1. Install Miniconda

wget https://repo.anaconda.com/miniconda/Miniconda3-latest-Linux-x86_64.sh -O miniconda.sh
bash miniconda.sh -b -p /opt/miniconda3
/opt/miniconda3/bin/conda init bash
source ~/.bashrc

2. Create Python 3.11 environment

conda create -n axolotl python=3.11 -y
conda activate axolotl

3. Clone and sync repo with upstream

git clone https://git.activeblue.net/tocmo0nlord/axolotl.git
cd axolotl
git remote add upstream https://github.com/axolotl-ai-cloud/axolotl.git
git fetch upstream
git rebase upstream/main        # keeps activeblue patches on top
git push origin activeblue/main --force-with-lease

4. Install CUDA toolkit (needed to compile flash-attn and bitsandbytes)

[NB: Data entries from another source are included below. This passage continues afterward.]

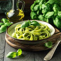A delightful blend of Italian pasta tossed in a rich and aromatic pesto sauce, garnished with parmesan cheese. Perfect for a quick meal.
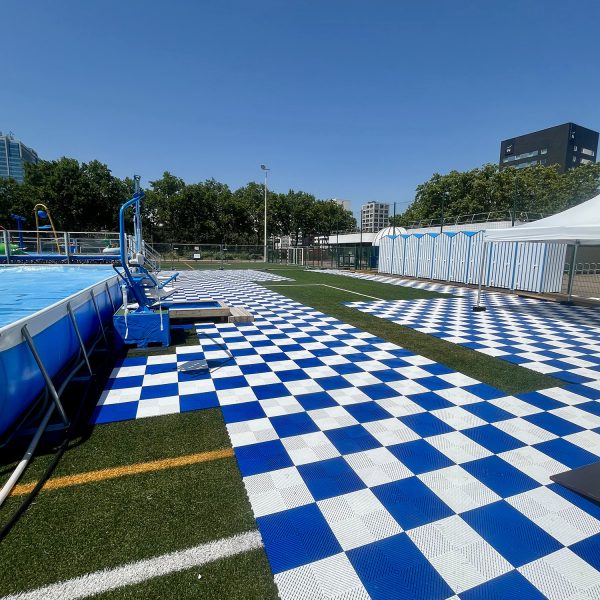 Soucieuse d’offrir aux Parisiens un lieu estival accessible à tous, la Ville de Paris nous a demandé de travailler à la création d’un espace détente convivial en transformant un stade de football en zone de baignade éphémère. Un projet ambitieux plaçant l’inclusion et l’accessibilité au cœur de l’expérience urbaine.
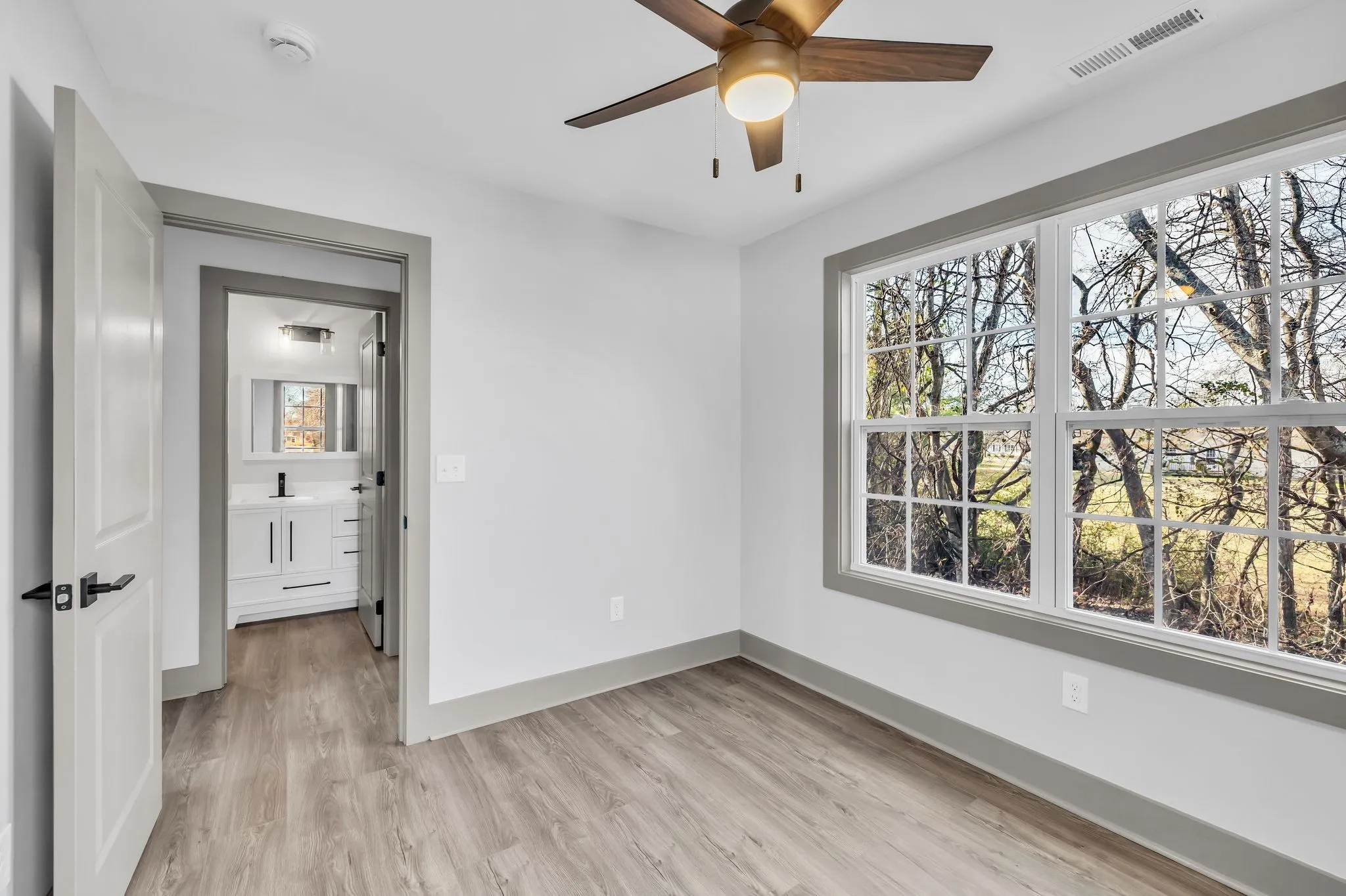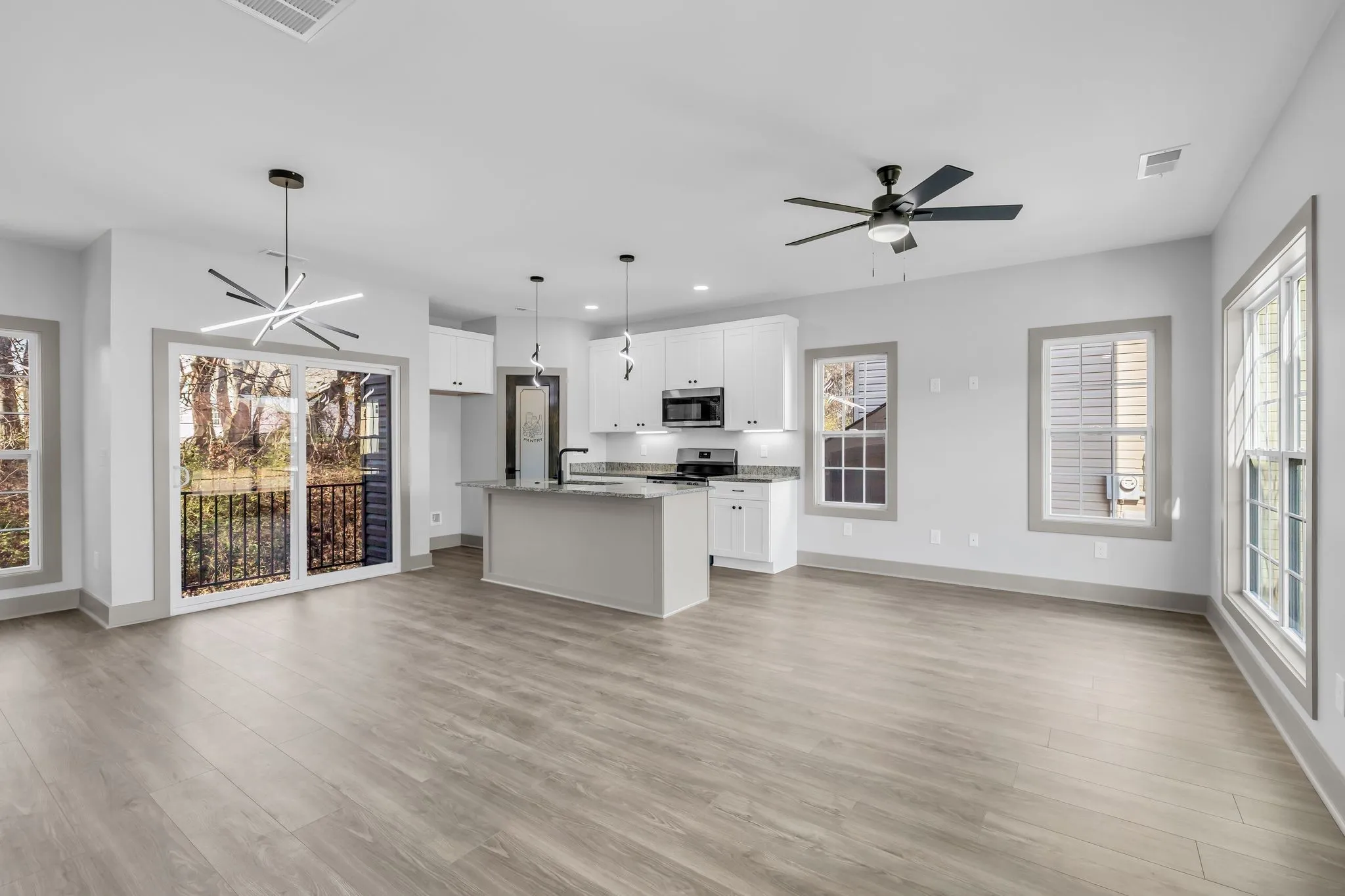 This beautifully designed home offers a bright, modern living experience with thoughtful details throughout. The main living area is filled with natural light, highlighting the home’s stylish selections and open, airy feel. The kitchen features 42-inch upper cabinets, soft-close drawers, and a clean, contemporary aesthetic that blends both function and sophistication. Just off the kitchen and dining room, a charming Juliette balcony adds a unique architectural touch and elevates the home’s character. Upstairs, you’ll find the laundry room conveniently located near the bedrooms, making everyday routines effortless. Retreat to the serene primary suite, where a luxurious free-standing tub creates a spa-like atmosphere perfect for unwinding. Due to the narrow backyard, it’s best suited for buyers who want privacy without the upkeep of a large yard. This property delivers comfort, convenience, and modern appeal at every turn.1% lender credit with use of preferred lender.

conda install -y -c "nvidia/label/cuda-12.8.0" cuda-toolkit
export CUDA_HOME=$CONDA_PREFIX
export PATH=$CUDA_HOME/bin:$PATH

NOTE: Despite installing from the cuda-12.8.0 channel, conda resolves nvcc to 13.2.78. This is fine — use cu132 everywhere to match.

5. Install PyTorch — use cu132 (matches nvcc from conda)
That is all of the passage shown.